Smyth odłożył list i spojrzał na swych ludzi. Chciał wyczytać z ich twarzy, czy pogróżki chińskie wzbudziły w nich uczucie strachu. Spokojnie i w skupieniu wytrzymali ci żelaźni ludzie wzrok swego kapitana. Zdawali sobie sprawę, że czeka ich ciężka próba, z której nie wszyscy wyjdą z życiem. Wiedzieli, że obowiązkiem ich jest wytrwać na posterunku. Gdyby jeden z nich uląkł się przed służbą nocną, tłum żółtych przestępców zalałby miasto białych.
18 posterunek policji — była to najbardziej wysunięta placówka w walce z chińskim bandytyzmem.

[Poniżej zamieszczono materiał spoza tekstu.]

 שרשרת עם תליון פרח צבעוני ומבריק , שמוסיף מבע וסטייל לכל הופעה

Drzwi posterunku były opancerzone, cały budynek otoczony murem obronnym jak forteca. Blok lokali biurowych znajdował się w samym środku podwórza strzeżonego przez specjalną wartę.

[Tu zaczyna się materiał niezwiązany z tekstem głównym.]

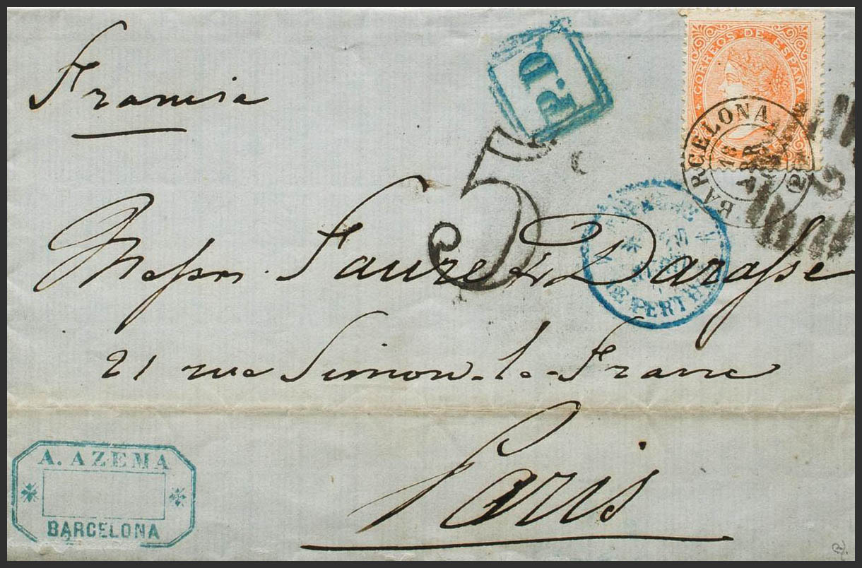 89A. 1868. 12 orange cuartos . BARCELONA to PARIS (FRANCE). Postmark GRILL WITH Nº2 and date stamp BARCELONA / (2). MAGNIFICENT. Ex-Blight.

— Mam nadzieję, że żaden z was, chłopcy, nie uląkł się niecnych pogróżek bandytów, — rzekł kapitan Smyth. — Żeby jednak nie doprowadzać do zbytecznego przelewu krwi, wzmocnimy straże dokoła świątyni w okresie trwania uroczystości. Zakazuję więc zapuszczać się pojedyńczo w uliczki Chińskiego Miasta. Zażądam posiłku z centrali policji i skorzystam z pierwszej okazji, aby doprowadzić do ostrego starcia Chińczyków z policją Pokażę w ten sposób żółtym, żeśmy się nie ulękli ich pogróżek. Mimo to obawiam się, że w związku z tym świętem czekają nas tysiączne przykrości. Zwróciłem się o informacje do najlepszego orientalisty, profesora Dundee. Zdaniem jego, święto Buddy jest naogół u Chińczyków świętem radosnym. U sekty jednak Błękitnego Miecza — jednej z najwcześniejszych sekt chińskich, powstałej jeszcze przed ukazaniem się pierwszego białego człowieka w Chinach, — uroczystościom tym towarzyszą krwawe ofiary ludzkie. Mamy do czynienia z najgroźniejszą sektą w Państwie Środka. Członkowie jej, posłuszni wszechwładnej mocy Kapłanów, spragnieni są krwi białego człowieka. A teraz do dzieła! Wierzę, że jutro odnajdziemy się w tym samym składzie i nikogo nie zabraknie z pośród nas! Bóg z wami, towarzysze!
Uścisnął serdecznie dłoń każdego z policjantów.
— Na posterunek! — rzekł głosem służbowym
Zegar na wieży 18 posterunku wydzwonił 8 godzinę. Jak jeden mąż, policjanci chwycili za broń sprawdzili, czy jest nabita, ściągnęli paski i wymaszerowaii równym krokiem. Ciężkie pancerne drzwi zamknęły się za nimi z głuchym łoskotem.